Simon Willison’s Weblog


149 items tagged “css”


Box shadow CSS generator (via) Another example of a tiny personal tool I built using Claude 3.5 Sonnet and artifacts. In this case my prompt was:

CSS for a slight box shadow, build me a tool that helps me twiddle settings and preview them and copy and paste out the CSS

I changed my mind half way through typing the prompt and asked it for a custom tool, and it built me this!

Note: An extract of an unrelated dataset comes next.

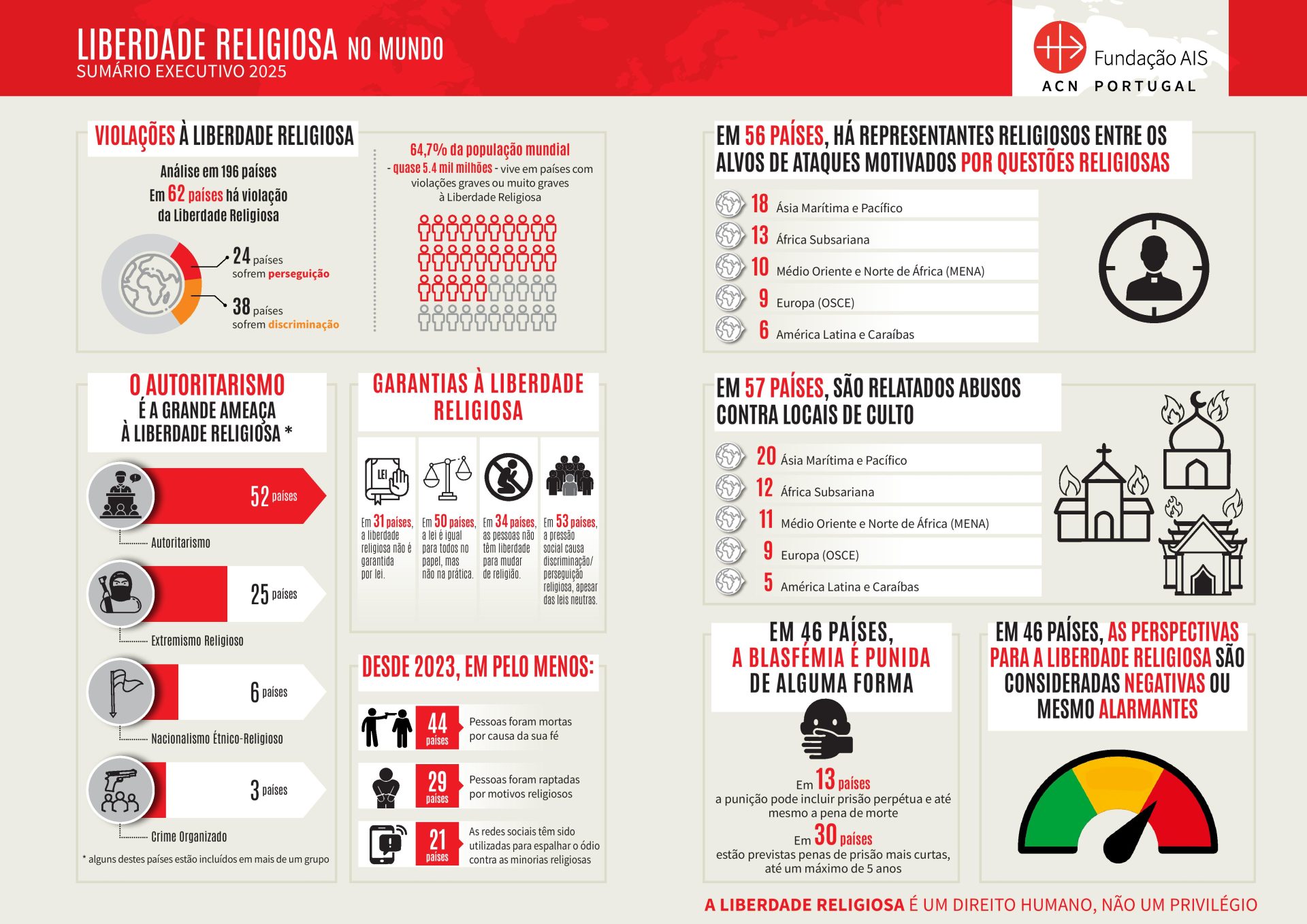 O Relatório sobre a Liberdade Religiosa no Mundo 2025 analisa 196 países, documentando restrições e perseguições e fornecendo informação verificada sobre as violações deste direito em todo o mundo sobre todos os grupos religiosos.
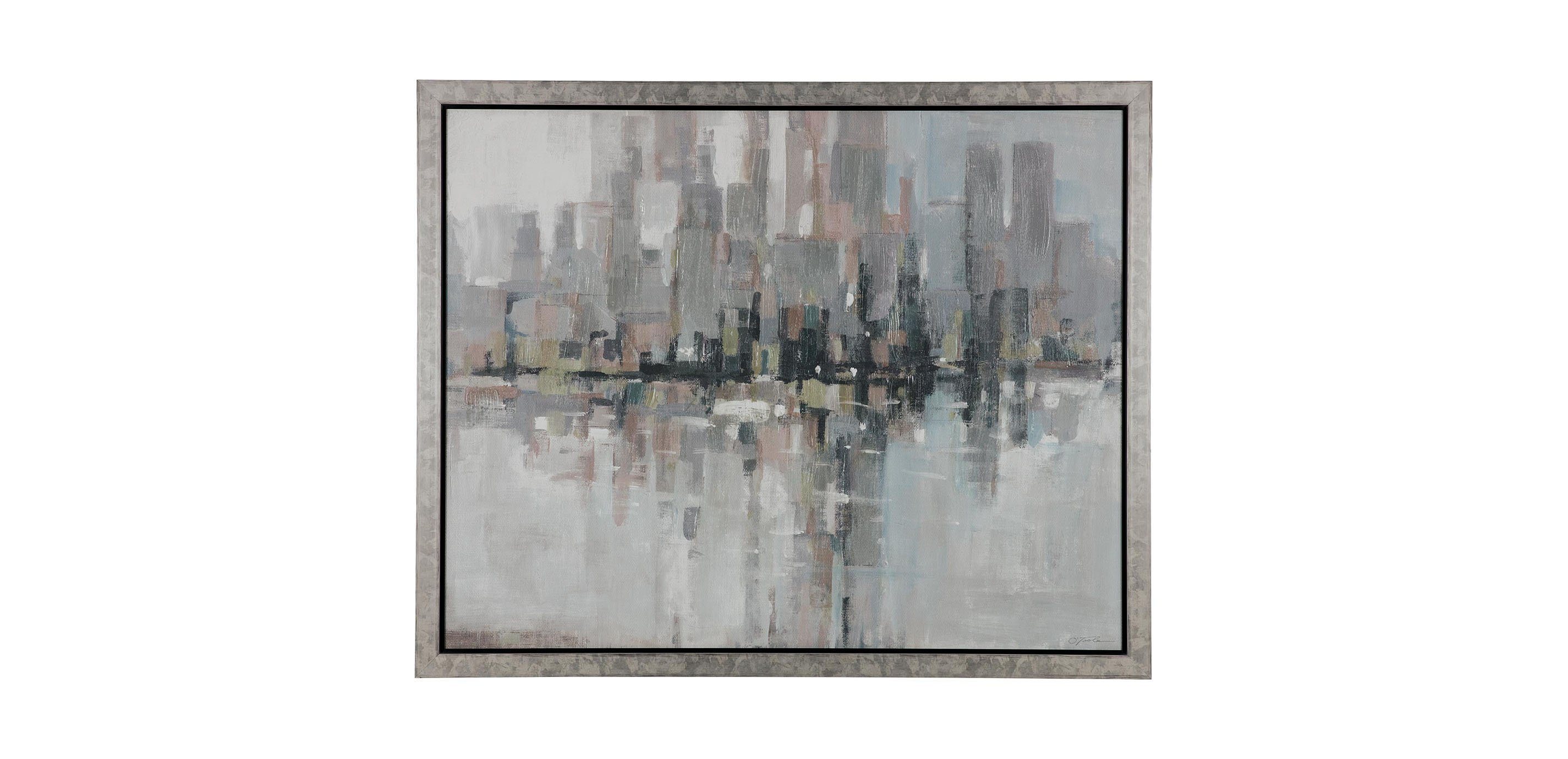 You’ll always have an amazing view of a city landscape with this large-scale artwork by Tim O’Toole. His abstract painting captures a contemporary city skyline reflecting on the water, in a rich, muted palette of charcoal grays, dusty purples, and pale blues. A giclée on canvas, this city wall art is hand-embellished for additional texture and dimension and set in a silver frame with a black fillet for a decidedly modern look.

Box shadow CSS generator. Shows a preview, then provides sliders to set Horizontal Offset, Vertical Offset, Blur Radius,  Spread Radius,  Color and Opacity - plus the generated CSS and a Copy to Clipboard button

Here's the full transcript - in a follow-up prompt I asked for help deploying it and it rewrote the tool to use <script type="text/babel"> and the babel-standalone library to add React JSX support directly in the browser - a bit of a hefty dependency (387KB compressed / 2.79MB total) but I think acceptable for this kind of one-off tool.

Being able to knock out tiny custom tools like this on a whim is a really interesting new capability. It's also a lot of fun!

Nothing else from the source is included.